O processo de reconstrução do Brasil após o desmonte ocorrido entre 2016 e 2022 encontra obstáculos que já eram previstos, mas as dificuldades parecem ser maiores para alguns setores da máquina pública. Nessa lista, os museus nacionais são um exemplo de como a combinação de orçamentos limitados, contingenciamentos e falta de mão de obra pode piorar o cenário e atrasar ainda mais o processo.
Das quase trinta instituições que hoje estão sob responsabilidade do Instituto Brasileiro de Museus (Ibram), nove estão fechadas ou operando parcialmente. Na lista, estão espaços importantes para a história do país e para a manutenção da memória nacional.
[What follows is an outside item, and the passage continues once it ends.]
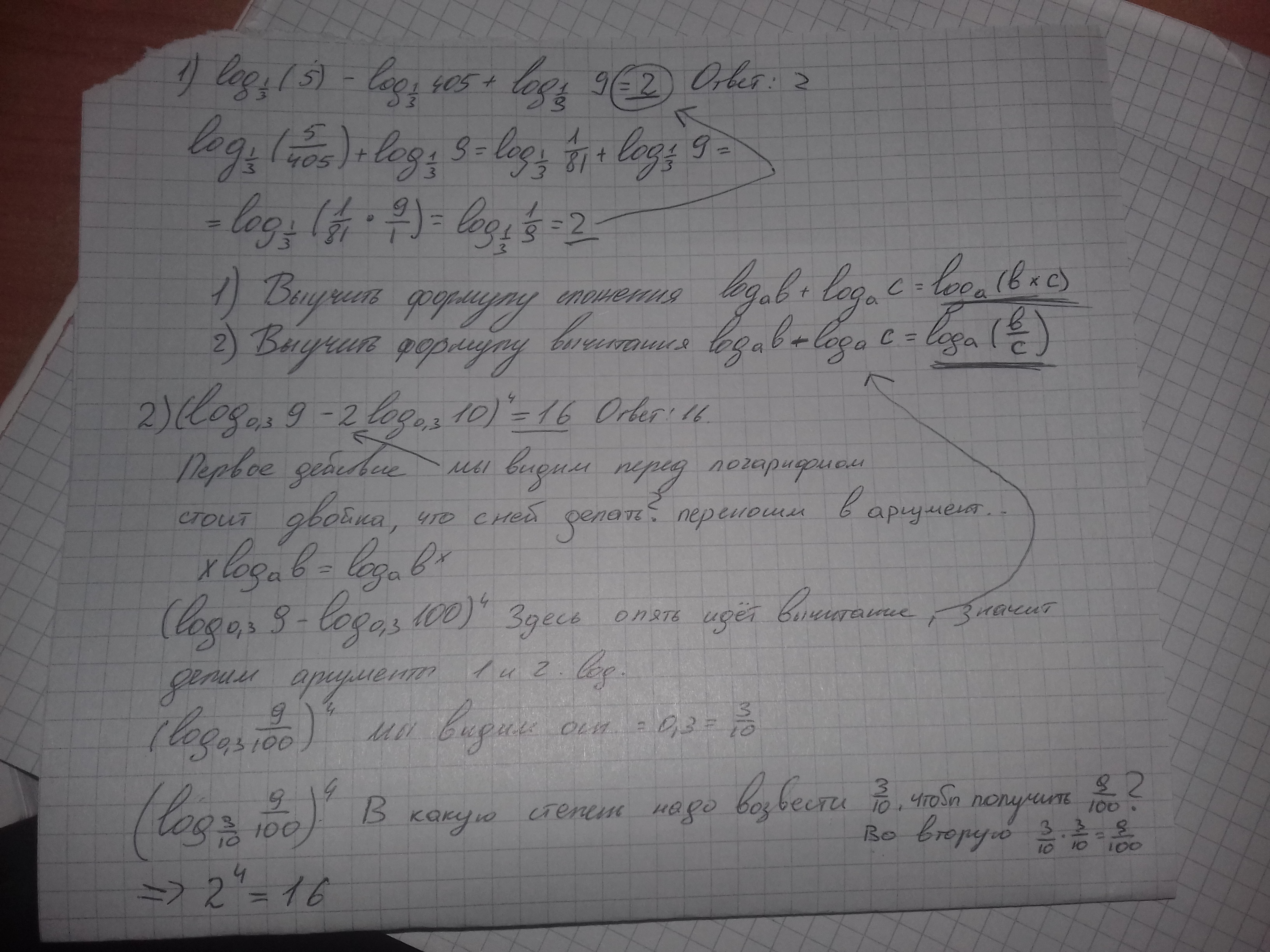 Первые два с объяснением есть. смотри фотографии в приложении.. третье задание я и так и сяк вертел.. оно получается но число такое будет не красивое примерно 0.7156... что то не правильно в задании скорее всего неправильно записано основание.. и скорее всего там было основание 3 или 1/3.. тогда корень из 3 мы представляем как 3 в степени 1/2 потом переносим 1/2 перед логарифмом... и получаем все красивенько... написал пару вариаций на всякий случай...

Alguns estão em obras e têm prazo para reabrir, outros não têm data definida e há situações em que as portas estão fechadas por simples falta do básico.
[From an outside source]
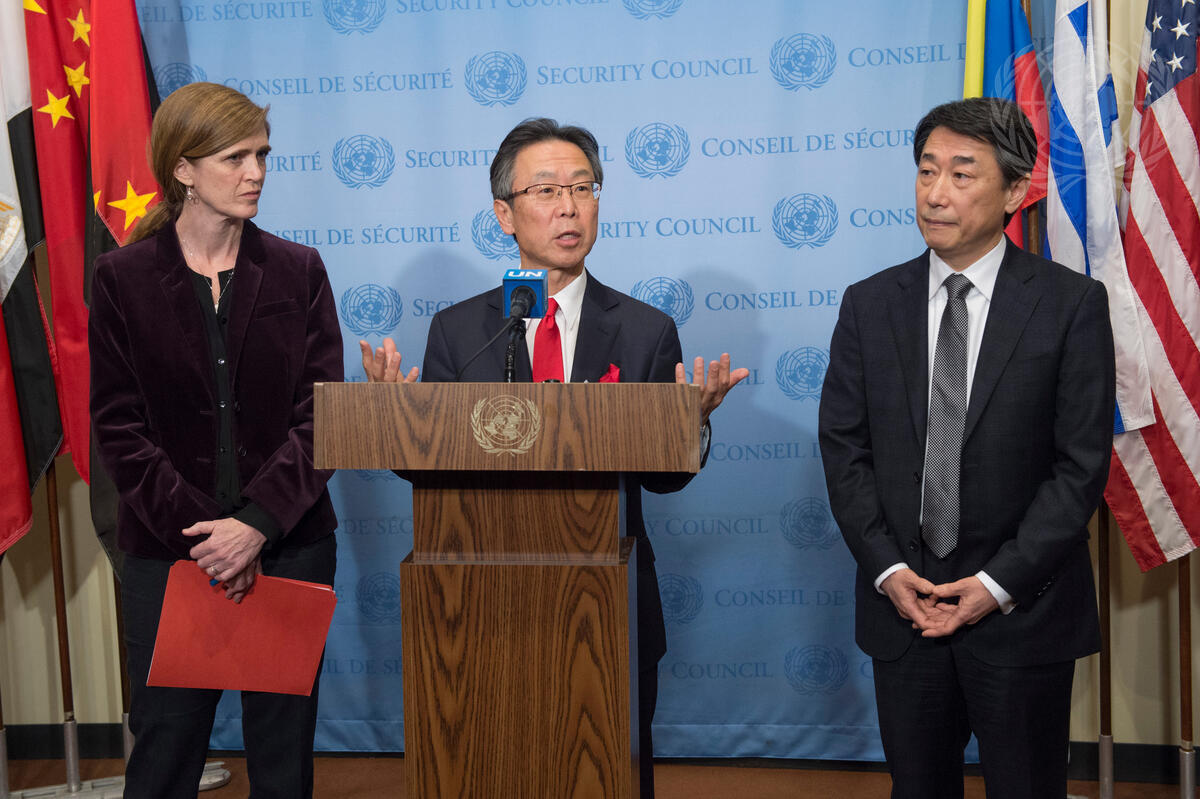 Motohide Yoshikawa (centre), Permanent Representative of Japan to the UN, speaks to journalists following the adoption of the resolution. Also addressing the press with him were Samantha Power (left), United States Permanent Representative; and Oh Joon, Permanent Representative of the Republic of Korea.

É o caso do Museu Regional de São João Del Rei, que fica na cidade mineira e existe desde a década de 1960. Em novembro passado ele fechou as portas para visitação por questões administrativas, como o encerramento de contratos de limpeza, recepção e apoio administrativo. Há previsão de normalização das atividades ainda este mês, mas até agora sem data específica.
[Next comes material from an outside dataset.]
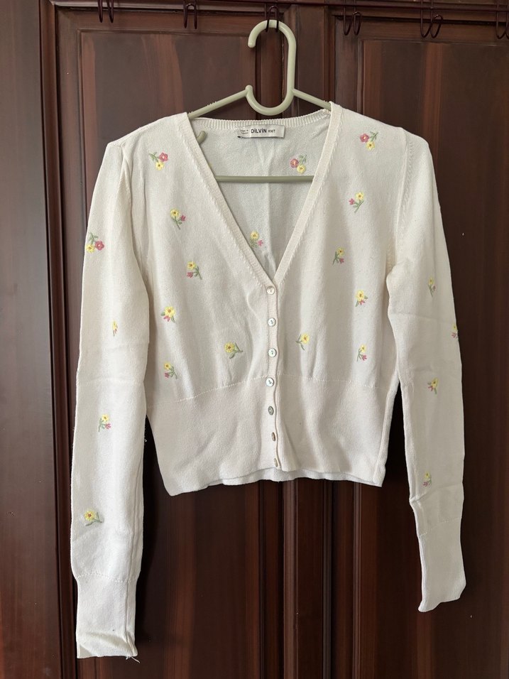Nakışlı çiçek detaylı beyaz düğmeli hırka, uzun kollu ve triko kumaştan. V yaka, midi uzunlukta ve fitted kesim, streetwear tarzına uygun.

A situação do espaço causa ainda mais consternação frente a história de luta para que o casarão, construído em 1859, se tornasse uma instituição artística. Nos anos 1930, ele foi tombado junto com todo o conjunto arquitetônico da cidade. No entanto, uma campanha que envolveu políticos, uma empresa privada, famílias ricas e a imprensa local tentou reverter o processo e demolir o prédio histórico para construção de um hotel e de um terminal rodoviário.
Somente em 1947, o governo federal determinou a desapropriação do local. As palavras do jurista Afonso Arinos, que analisou o caso na época para embasar a decisão, dão o tom das dificuldades para garantia do espaço público.
“O prefeito municipal, por uma compreensão talvez sincera, mas tacanha, primária e provinciana do que ele considera ser progresso de sua cidade, não duvidou em dar a mão a capitalistas mais ciosos dos seus lucros do que respeito às leis. Juntos empreenderam uma campanha de imprensa não longe de terrorista”.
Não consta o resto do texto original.